# Local powering-invariant subgroup containing the center is intermediately powering-invariant in nilpotent group

## Statement

Suppose $G$ is a nilpotent group and $H$ is a subgroup containing the center of $G$ that is also a local powering-invariant subgroup of $G$. Then, $H$ is an intermediately powering-invariant subgroup of $G$. Explicitly, suppose $K$ is a subgroup of $G$ containing $H$. Then, $H$ is a powering-invariant subgroup of $K$.

## Facts used

1. Torsion-freeness for a prime is subgroup-closed
2. Equivalence of definitions of nilpotent group that is torsion-free for a set of primes

## Proof

Given: A nilpotent group $G$, a subgroup $H$ of $G$ that is local powering-invariant and such that $Z(G) \le H$ where $Z(G)$ is the center of $G$. A subgroup $K$ of $G$ containing $H$. A prime number $p$ such that $K$ is $p$-powered. An element $h \in H$.

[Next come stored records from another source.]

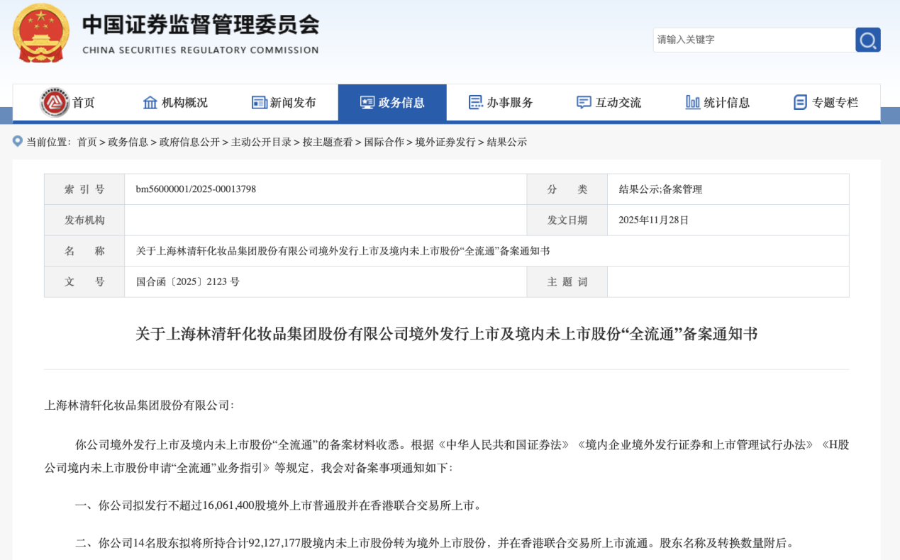 11月27日,中国证监会发布《关于上海林清轩化妆品集团股份有限公司境外发行上市及境内未上市股份“全流通”备案通知书》(简称“通知书”)。根据通知书,林清轩拟发行不超过1,606.1万股境外上市普通股并在香港联合交易所上市。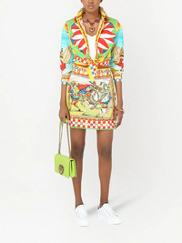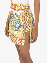 Carretto-print poplin miniskirt The eye-catching aesthetic of the Dolce & Gabbana AW21 is showcased perfectly here. A bold graphic print in multicolour tones draws the eye on this piece. Highlights - Multicolour - Cotton - Graphic print - Pompom detailing - High waist - Slit detailing Made in Italy Composition Cotton 100%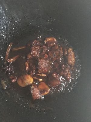 加入适量的老抽生抽至表面颜色如图片色。再加入三大勺白糖加入之前的排骨汤淹没排骨即可。

To prove: There exists a unique element $x \in H$ such that $x^p = h$.

Proof:

Step no. Assertion/construction Facts used Given data used Previous steps used Explanation
1 $Z(G) \le K$. $Z(G) \le H, H \le K$. given-direct
2 $K$ is $p$-torsion-free. $K$ is $p$-powered (we are using the powering-injectivity here) given-direct
3 $Z(G)$ is $p$-torsion-free. Fact (1) Steps (1), (2) Step-fact combination direct
4 The map $t \mapsto t^p$ is injective in $G$. Fact (2) $G$ is nilpotent Step (3) Step-fact combination direct (specifically, we want to use the implication from (4) to (1) in the multi-part equivalence of Fact (2))
5 There exists an element $x \in K$ satisfying $x^p = h$. $K$ is $p$-powered (we are using the $p$-divisibility here), $h \in H \le K$ given-direct
6 The element $x \in K$ of the preceding step is the unique $p^{th}$ root of $h$ in all of $G$. Steps (4), (5) Step-combination direct
7 The element $x$ of Step (5) is in $H$. $H$ is local powering-invariant in $G$. Step (6) Step-given combination direct.